Memoirs’ very format indicates how tied it is to this sensibility. The album starts with some straight-ahead bop on Noble’s “Two-Fold,” then moves ahead with three more acoustic tunes for either trio or quartet.
By the time we reach the middle of the album, the blue notes have been dialed up. Then comes the disc’s centerpiece, “Parisian Fantasy,” whose esoteric 9/4 time signature doesn’t stop Nate from forging on effortlessly with a contemporary groove propelled by simple quarter notes on the snare drum. Noble’s electric keyboard mixes with Jaron Lopez’s heavily reverbed guitar as Tim Green’s soprano saxophone plays a theme that takes its time and rotates around just a couple melodic ideas.
But all this is paired with trenchant solos from Green and Noble, explorations that live in the groove but draw on the bop idiom’s harmonic mirth. (Tellingly, Noble switches from electric to acoustic piano halfway through his solo.) The point being, the album has a foot planted in territory marked with R&B’s trappings, but it retains a boppish core. This holds true throughout the rest of the album, as the Jolley Brothers incorporate vocals, strings and even a harp played by their sister, Rashida – who’s currently in Lady Gaga’s touring band.
With Memoirs, the Jolleys join a rapidly growing cast of musicians who are often crudely swept under the jazz awning but have much broader artistic appetites. Robert Glasper, Stefon Harris, Jason Moran and D.C.’s own Marc Cary are some of the many. They all see the validity of hip-hop and R&B, and recognize that those genres will inevitably provide much of the ink that writes future jazz history.
Another such musician is Ben Williams, the Washington native and Thelonious Monk International Jazz Competition winner who plays acoustic bass on most of the tracks on Memoirs. Williams contributes a few staggeringly melodic solos, but more importantly he sets out a foundation that’s formidable and self-assured. Williams’ wide, earthy tone is the soil from which the Jolley Brothers flourish.

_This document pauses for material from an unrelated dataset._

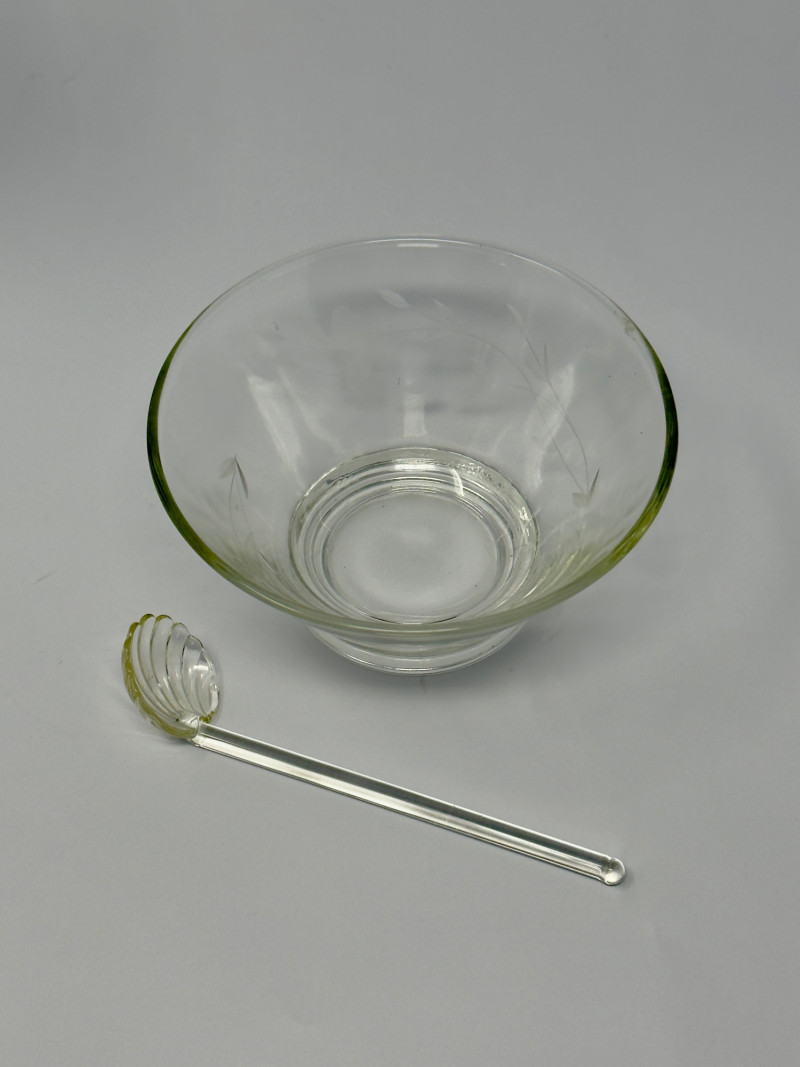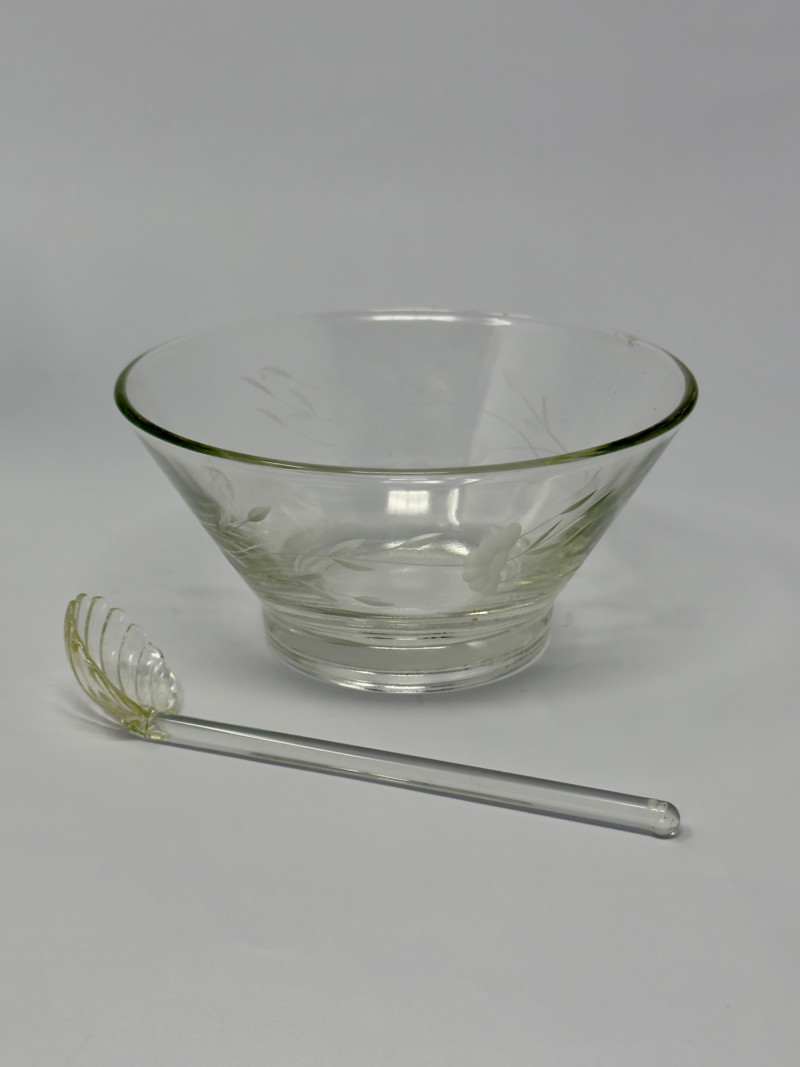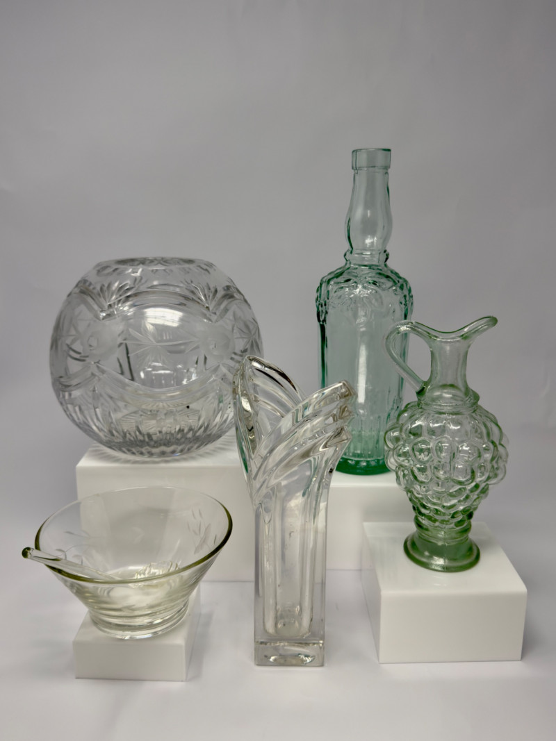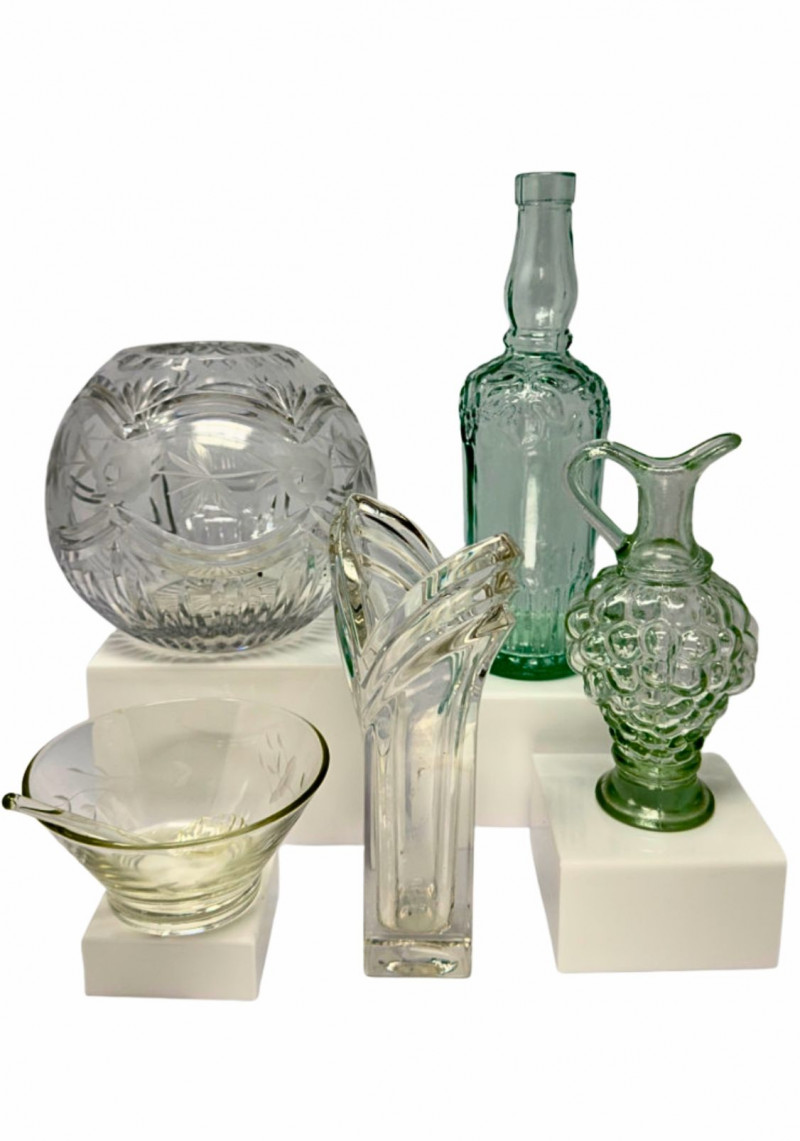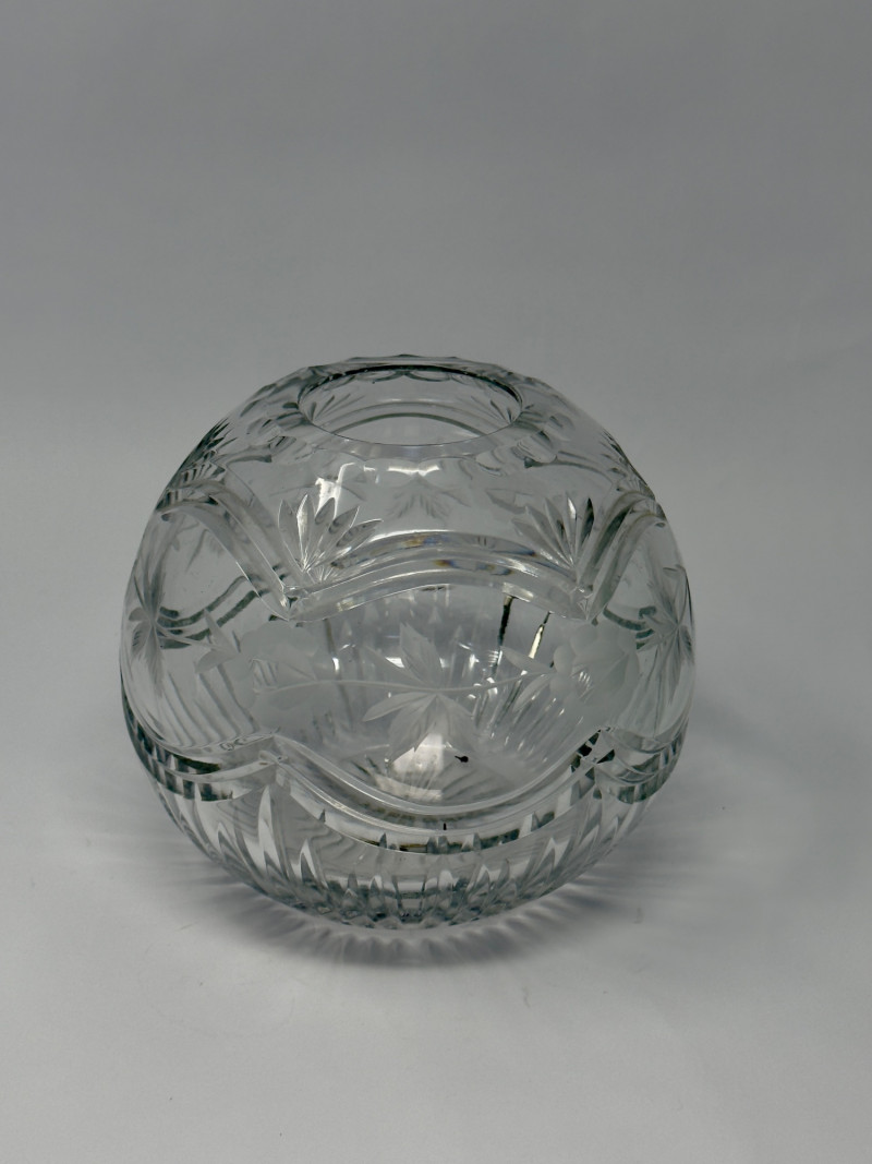 Princess House crystal became widely popular in the late 20th century for its elegant yet accessible etched designs, often sold as serving and hostess pieces. Grape-motif glassware and green pressed bottles were especially fashionable in mid-century home and bar décor, prized for their texture and sculptural presence. Cut crystal rose bowls and fluted vases have long been used as centerpiece or accent pieces, valued for their light-catching qualities and timeless appeal.

Between Duke Ellington, Dr. Billy Taylor, Shirley Horn and others, there’s plenty of oft-mentioned jazz history wafting through the streets of D.C. But what about Marvin Gaye and Chuck Brown? (For what it’s worth, even Parliament-Funkadelic’s famous Mothership is reputed to have landed in its final resting place somewhere near Silver Spring, Md.) Clearly, this city has a vibrant tradition to uphold across the spectrum of African-American music. And with Memoirs Between Brothers, the Jolley Brothers are doing a fine job of carrying it on.